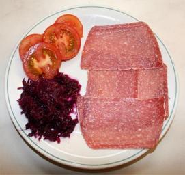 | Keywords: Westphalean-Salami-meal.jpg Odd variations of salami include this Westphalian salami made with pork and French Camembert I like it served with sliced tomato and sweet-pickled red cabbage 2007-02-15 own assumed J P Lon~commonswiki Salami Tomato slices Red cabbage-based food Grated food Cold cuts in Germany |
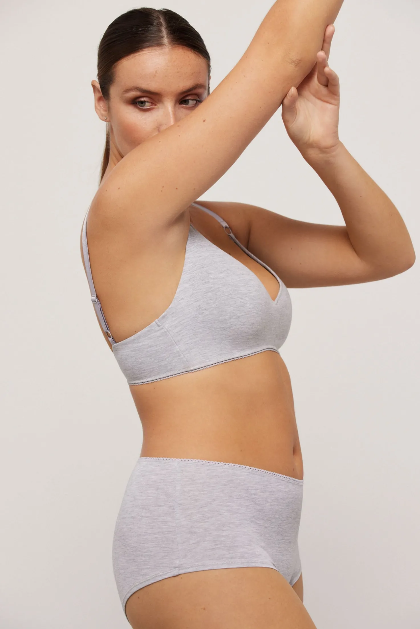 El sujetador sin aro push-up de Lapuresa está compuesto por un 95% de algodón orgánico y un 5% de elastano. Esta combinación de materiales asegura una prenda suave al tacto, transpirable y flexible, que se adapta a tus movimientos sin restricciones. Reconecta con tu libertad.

* * *

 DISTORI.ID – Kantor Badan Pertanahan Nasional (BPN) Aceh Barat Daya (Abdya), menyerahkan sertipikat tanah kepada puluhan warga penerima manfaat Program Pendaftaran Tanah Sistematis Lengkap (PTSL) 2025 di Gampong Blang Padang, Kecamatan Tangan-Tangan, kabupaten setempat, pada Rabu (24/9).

==

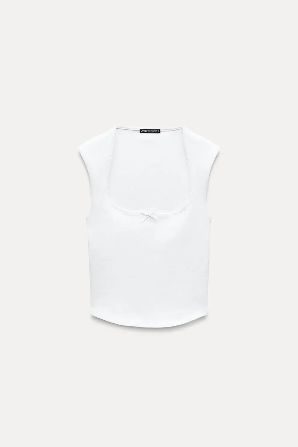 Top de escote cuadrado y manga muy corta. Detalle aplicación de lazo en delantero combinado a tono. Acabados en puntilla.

> **Task**: Using the data above, set down each line from the line with "in Germany |" to the line with "El sujetador sin" exactly, both ends included, and leave the pictures behind. Nothing else belongs.

> **Solution**:
 | Keywords: Westphalean-Salami-meal.jpg Odd variations of salami include this Westphalian salami made with pork and French Camembert I like it served with sliced tomato and sweet-pickled red cabbage 2007-02-15 own assumed J P Lon~commonswiki Salami Tomato slices Red cabbage-based food Grated food Cold cuts in Germany |
 El sujetador sin aro push-up de Lapuresa está compuesto por un 95% de algodón orgánico y un 5% de elastano. Esta combinación de materiales asegura una prenda suave al tacto, transpirable y flexible, que se adapta a tus movimientos sin restricciones. Reconecta con tu libertad.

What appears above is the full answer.